:: Available data

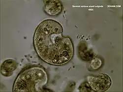 - Large Colpoda amongst many smaller ones with other ciliates 100X
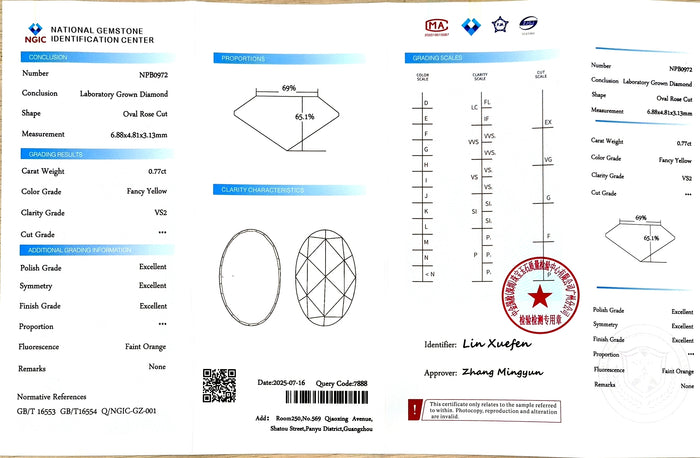 NGIC Certificate #: NPB0972(We will ship the lab-grown diamond to you along with the NGIC certificate. You can scan the barcode on the report to access the third party certificate.)
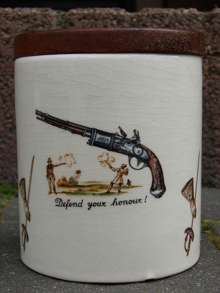 Stylowy ceramiczny pojemnik na tytoń dekorowany sceną rodzajową.
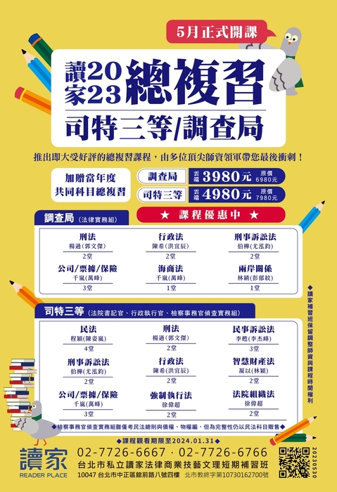 •適用考試:2023年司法三等考試-檢察事務官(偵查實務組)
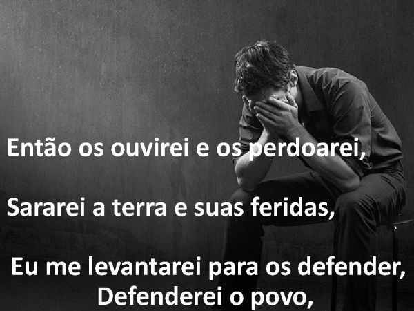 - Então os ouvirei e os perdoarei, Sararei a terra e suas feridas, Eu me levantarei para os defender,Defenderei o povo, Que leva o Meu Nome.
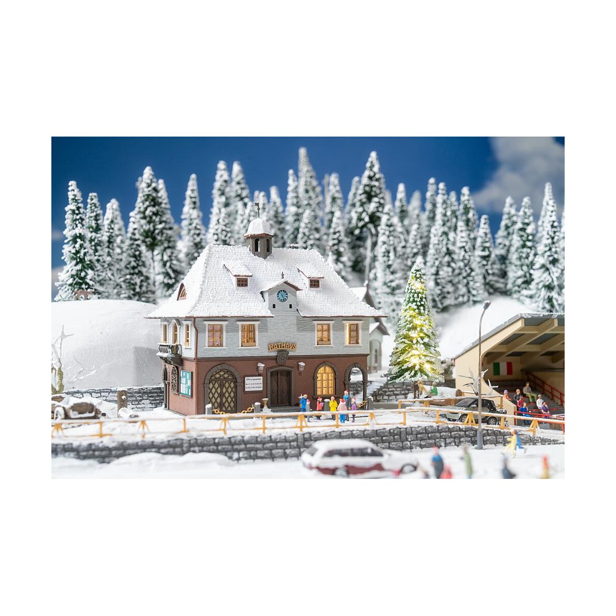 O Tannenbaum, o Tannenbaum – festlich erklingt der Gesang durch die Miniaturwelt. Vor dem funkelnd erleuchteten Weihnachtsbaum versammelt sich der kleine Chor, um gemeinsam vor dem Rathaus stimmungsvolle Weihnachtslieder zu singen. Das Rathaus selbst präsentiert sich in rustikalem Charme: eine Kombination aus Blau und Braun, mit dunklen Ziegeln gedeckt und einem verträumten Türmchen auf dem Dach._x000D_ _x000D_ Inhalt: Rathaus, Weihnachtsbaum (und Beleuchtung), 7 Figuren_x000D_
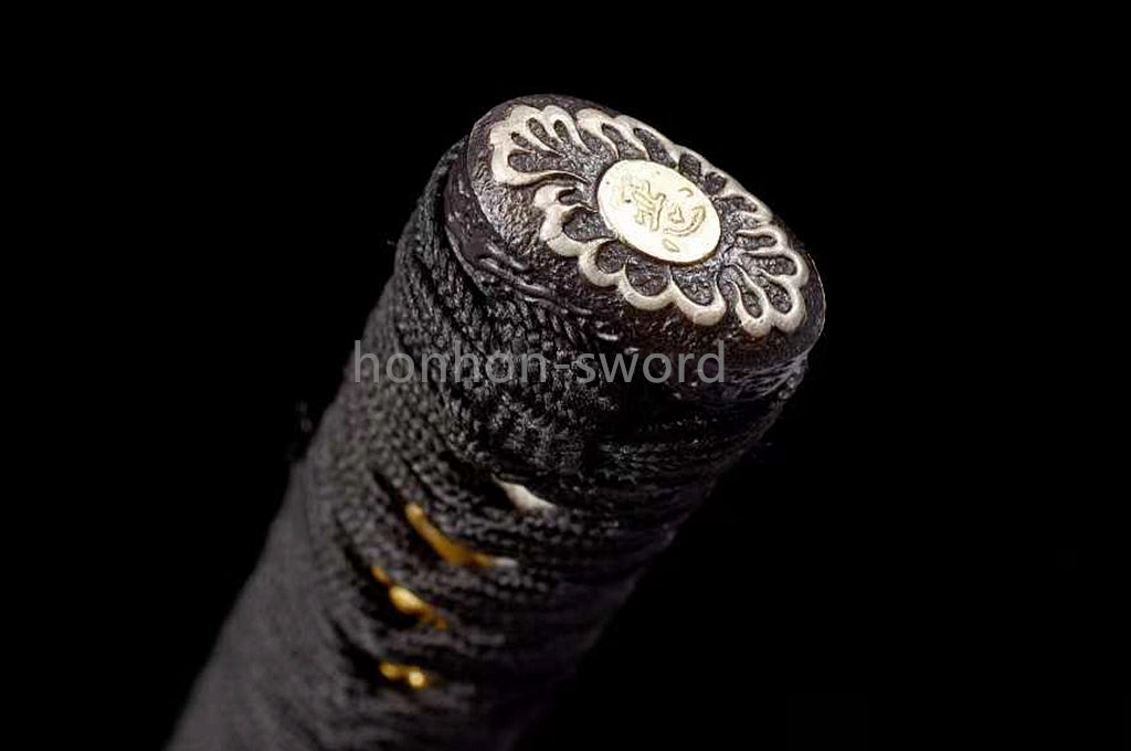 L'épée katana est fabriquée en acier plié dans la structure Maru et est livrée avec une soie pleine longueur qui améliore considérablement la résistance de l'épée lors du balancement. Entièrement forgée à la main, mise en forme à la main, polissage à la main selon la méthode de fabrication d'épée la plus traditionnelle.
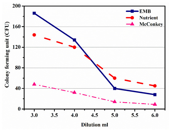 The microbial growth was analyzed in terms of colony-forming units on different agars such as EMB, NA, and MacConkey. It was observed that colony-forming units decreased with the increase in the number of dilutions from 103 to 106, as shown in Table 3. It was seen that about 10 to 300 colonies per petri dish were grown when removed from the incubator. Moreover, it can be seen in Table 3 that the value of CFU decreased with an increase in the dilutions, which was due to the reduction in the growth of microbes.
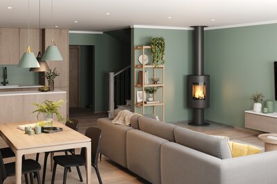 Unikalny system, który łączy w sobie zalety stylowego pieca kominkowego zintegrowanego z kominem.
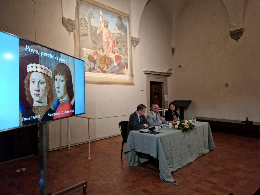 Le celebrazioni in memoria del maestro Piero delle Francesca mercoledì 12 ottobre sono culminate con la bellissima conferenza dello storico dell’arte Prof. Frank Dabell dal titolo “Piero, perché ci piace”. Dabell, affiancato dal prof Henry Thomas Fitzgerald Kennedy, coordinatore dell’evento, dopo l’introduzione dell’assessore alla cultura Francesca Mercati, ha approfondito aspetti affascinanti dell’arte e del genio di Piero della Francesca presentandoli al pubblico che, numeroso, ha riempito la bellissima Sala della Resurrezione del Museo Civico di Sansepolcro.
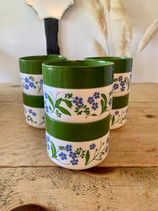 1950s Vintage Milk Glass Stackable Storage Pots with Forget-me-Not Flower Design, made by Cerve
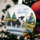 Border Collie in Winter Snow Forest Christmas Trees Ornament. Calm winter snow landscape with a lovely black and white border collie and colorful Christmas trees. Dog`s name is in a trendy script. Lovely holiday ornament for border collie owners, dog lovers and animal lovers. Personalize the name and the year.

::::

From the first line to the last, repeat the records exactly and skip the pictures.

 - Large Colpoda amongst many smaller ones with other ciliates 100X
 NGIC Certificate #: NPB0972(We will ship the lab-grown diamond to you along with the NGIC certificate. You can scan the barcode on the report to access the third party certificate.)
 Stylowy ceramiczny pojemnik na tytoń dekorowany sceną rodzajową.
 •適用考試:2023年司法三等考試-檢察事務官(偵查實務組)
 - Então os ouvirei e os perdoarei, Sararei a terra e suas feridas, Eu me levantarei para os defender,Defenderei o povo, Que leva o Meu Nome.
 O Tannenbaum, o Tannenbaum – festlich erklingt der Gesang durch die Miniaturwelt. Vor dem funkelnd erleuchteten Weihnachtsbaum versammelt sich der kleine Chor, um gemeinsam vor dem Rathaus stimmungsvolle Weihnachtslieder zu singen. Das Rathaus selbst präsentiert sich in rustikalem Charme: eine Kombination aus Blau und Braun, mit dunklen Ziegeln gedeckt und einem verträumten Türmchen auf dem Dach._x000D_ _x000D_ Inhalt: Rathaus, Weihnachtsbaum (und Beleuchtung), 7 Figuren_x000D_
 L'épée katana est fabriquée en acier plié dans la structure Maru et est livrée avec une soie pleine longueur qui améliore considérablement la résistance de l'épée lors du balancement. Entièrement forgée à la main, mise en forme à la main, polissage à la main selon la méthode de fabrication d'épée la plus traditionnelle.
 The microbial growth was analyzed in terms of colony-forming units on different agars such as EMB, NA, and MacConkey. It was observed that colony-forming units decreased with the increase in the number of dilutions from 103 to 106, as shown in Table 3. It was seen that about 10 to 300 colonies per petri dish were grown when removed from the incubator. Moreover, it can be seen in Table 3 that the value of CFU decreased with an increase in the dilutions, which was due to the reduction in the growth of microbes.
 Unikalny system, który łączy w sobie zalety stylowego pieca kominkowego zintegrowanego z kominem.
 Le celebrazioni in memoria del maestro Piero delle Francesca mercoledì 12 ottobre sono culminate con la bellissima conferenza dello storico dell’arte Prof. Frank Dabell dal titolo “Piero, perché ci piace”. Dabell, affiancato dal prof Henry Thomas Fitzgerald Kennedy, coordinatore dell’evento, dopo l’introduzione dell’assessore alla cultura Francesca Mercati, ha approfondito aspetti affascinanti dell’arte e del genio di Piero della Francesca presentandoli al pubblico che, numeroso, ha riempito la bellissima Sala della Resurrezione del Museo Civico di Sansepolcro.
 1950s Vintage Milk Glass Stackable Storage Pots with Forget-me-Not Flower Design, made by Cerve
 Border Collie in Winter Snow Forest Christmas Trees Ornament. Calm winter snow landscape with a lovely black and white border collie and colorful Christmas trees. Dog`s name is in a trendy script. Lovely holiday ornament for border collie owners, dog lovers and animal lovers. Personalize the name and the year.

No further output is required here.